What to do => From the line that holds "สาขาวิชาภาษาจีน วิทยาลัยศิลปศาสตร์ มหาวิทยาลัยรังสิต" down to the last line of the listing below, transcribe exactly and only those lines. Leave pictures out.

Information supplied =>
*****

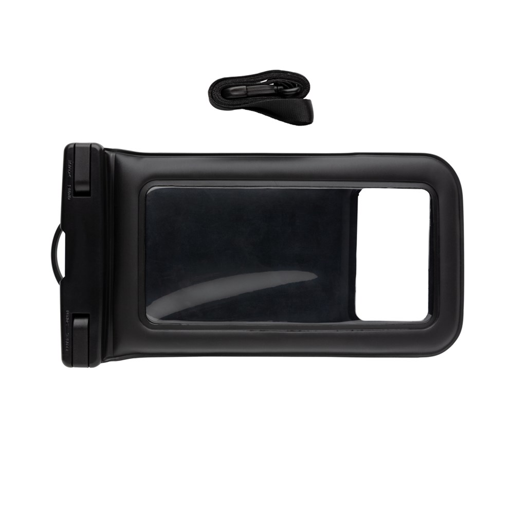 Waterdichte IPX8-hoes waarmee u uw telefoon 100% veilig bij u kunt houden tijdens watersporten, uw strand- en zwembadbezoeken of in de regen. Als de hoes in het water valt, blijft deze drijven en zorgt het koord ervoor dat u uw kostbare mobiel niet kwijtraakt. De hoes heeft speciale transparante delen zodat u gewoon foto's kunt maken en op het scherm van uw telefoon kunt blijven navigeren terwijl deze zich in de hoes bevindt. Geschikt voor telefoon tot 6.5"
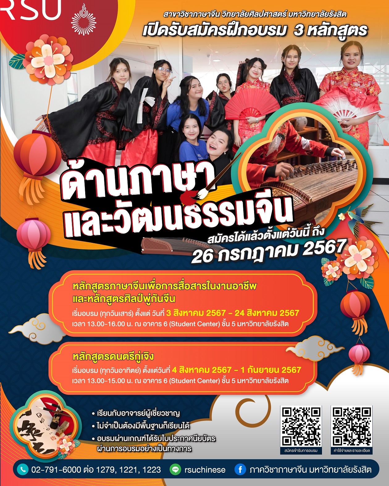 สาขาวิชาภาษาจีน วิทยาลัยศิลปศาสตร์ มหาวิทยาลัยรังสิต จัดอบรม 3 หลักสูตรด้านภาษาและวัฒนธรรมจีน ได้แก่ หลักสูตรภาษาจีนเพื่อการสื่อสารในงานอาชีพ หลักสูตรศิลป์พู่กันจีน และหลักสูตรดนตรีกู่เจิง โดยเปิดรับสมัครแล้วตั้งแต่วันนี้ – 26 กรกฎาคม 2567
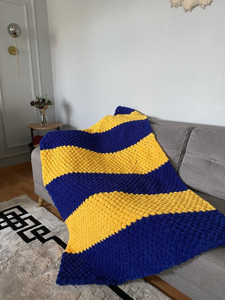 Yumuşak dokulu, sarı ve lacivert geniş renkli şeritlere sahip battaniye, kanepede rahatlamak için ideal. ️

*****

Solved problem =>
 สาขาวิชาภาษาจีน วิทยาลัยศิลปศาสตร์ มหาวิทยาลัยรังสิต จัดอบรม 3 หลักสูตรด้านภาษาและวัฒนธรรมจีน ได้แก่ หลักสูตรภาษาจีนเพื่อการสื่อสารในงานอาชีพ หลักสูตรศิลป์พู่กันจีน และหลักสูตรดนตรีกู่เจิง โดยเปิดรับสมัครแล้วตั้งแต่วันนี้ – 26 กรกฎาคม 2567
 Yumuşak dokulu, sarı ve lacivert geniş renkli şeritlere sahip battaniye, kanepede rahatlamak için ideal. ️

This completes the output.